What is needed >> Transcribe the entries exactly. Start at the top, stop after the line with "Chaises à manger", and omit every picture.

--- Records for this task ---

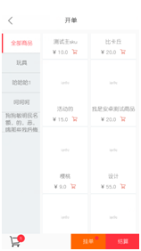 (1) 开单操作:依次点击“开单”“选择商品”点击“结算”提交跳到支付页面,其中选择现金支付的话,订单包含的总店商品的订单项的金额会记录到钱箱,用于跟商家结算。
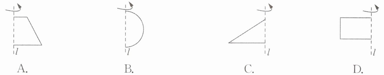 3. (2024秋·玉州区期末)下列平面图形分别绕直线$l$旋转一周,得到的几何体是球体的是(
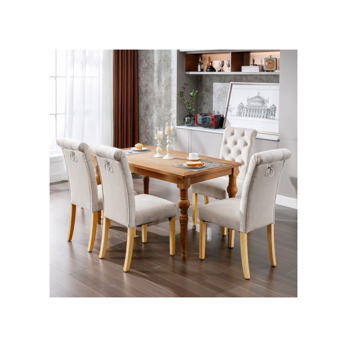 Chaises à manger en velours Ensemble de 4 avec jambes de chêne chaise à coucher chrome Clapper chaise cuisine chaise salon beige
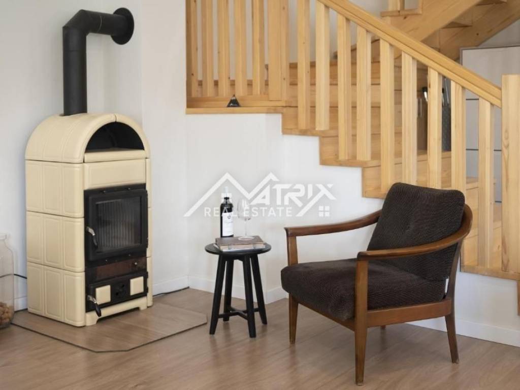 Upon entering the house there is a hallway and a bathroom equipped with a washing machine and dryer, which is very practical for everyday use. Next to the entrance door there is also access to a storage room of approximately 12 m², providing additional storage space. The ground floor continues into a spacious open-plan area consisting of a kitchen, dining area and living room. Large glass walls provide plenty of natural light and lead to a terrace and landscaped garden with a swimming pool, creating a perfect space for relaxation and outdoor living. Heating and cooling are provided by air conditioning units, while a wood-burning stove in the living room offers additional warmth and a cozy atmosphere during the winter months.
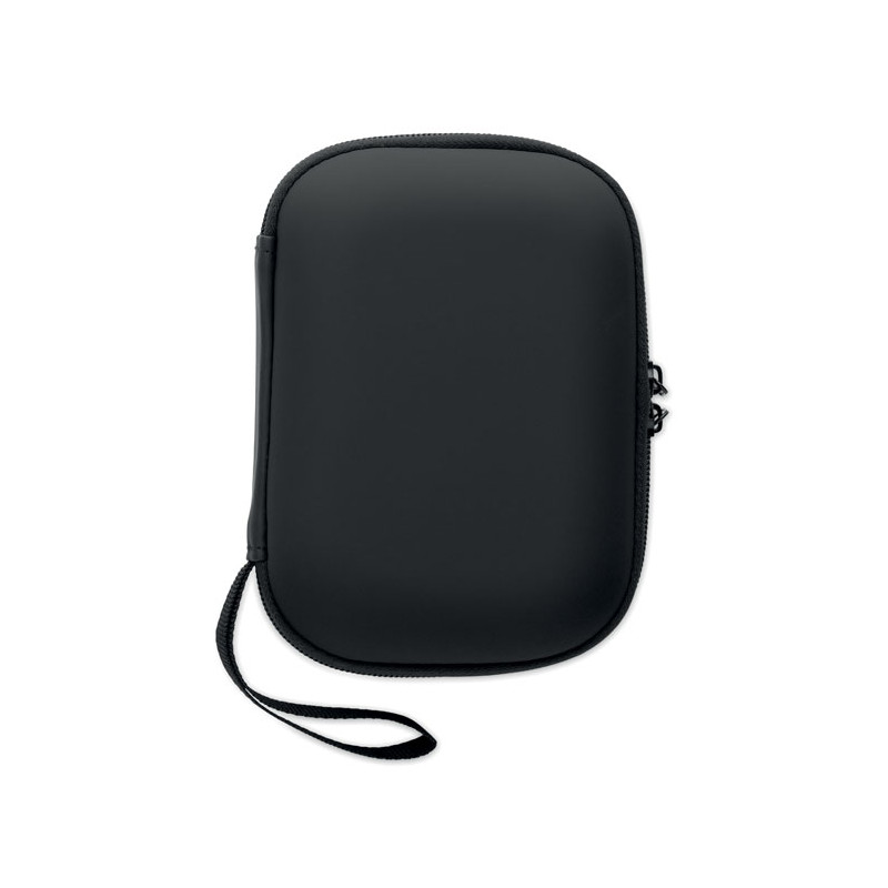 Botiquín primeros auxilios en estuche rígido de PU. Incluye 2 guantes, 1 manta, 1 esparadrapo, 2 vendas, 1 tijera, 4 bastoncillos, 10 tiritas y 6 toallitas. No disponible para la venta fuera de la UE.

---

The answer >>
 (1) 开单操作:依次点击“开单”“选择商品”点击“结算”提交跳到支付页面,其中选择现金支付的话,订单包含的总店商品的订单项的金额会记录到钱箱,用于跟商家结算。
 3. (2024秋·玉州区期末)下列平面图形分别绕直线$l$旋转一周,得到的几何体是球体的是(
 Chaises à manger en velours Ensemble de 4 avec jambes de chêne chaise à coucher chrome Clapper chaise cuisine chaise salon beige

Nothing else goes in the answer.